Até crise à política
do fim dos anos 80, o Panamá teve uma economia bastante
próspera baseada a agricultura, na indústria
ligeira, o sector dos serviços e os rendimentos do
canal do Panamá. A metade da superfície do país
é consagrada à agricultura. As principais culturas
que servem à exportação são: a
bengala à açúcar, o café e a banana.
Há também grandes colheitas de arrozes, de milho
e de feijões para o consumo do país. O sector
da criação está a igualmente desenvolver-se
rapidamente. O Panamá tem grandes reservas de mogno,
além das reservas de pesca sobretudo dos camarões.

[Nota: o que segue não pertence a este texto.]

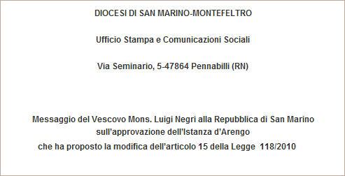 Mgr Negri a immédiatement pris sa plume pour adresser un message solennel à la République de Saint-Marin.

As principais indústrias são as a da transformação
dos alimentos, a confecção de vestuários,
o papel e os materiais de construções. O Panamá
exporta petróleo refinado. Os outros pontos fortes
da economia são as zonas de livre comércio em
redor do canal, sobretudo a de Colón, e as facilidades
para escavar as embarcações que têm falsas
bandeiras panamianas. Os rendimentos graças ao trânsito
no canal, os rendimentos obtidos graças ao turismo
e os benefícios produzidos pelo Banco Secreto Panamiano,
completam o panorama económico do país. O Governo
começou no início dos anos 90 processos de racionalização
da economia que inclui a privatização das antigas
empresas públicas e a redução das despesas
públicas a nível da segurança social.
O Panamá é membro do Banco Interaméricaine
de Desenvolvimento e os seus principais parceiros comerciais
são os Estados Unidos, o Japão, a Espanha, o
Costa Rica e a Alemanha.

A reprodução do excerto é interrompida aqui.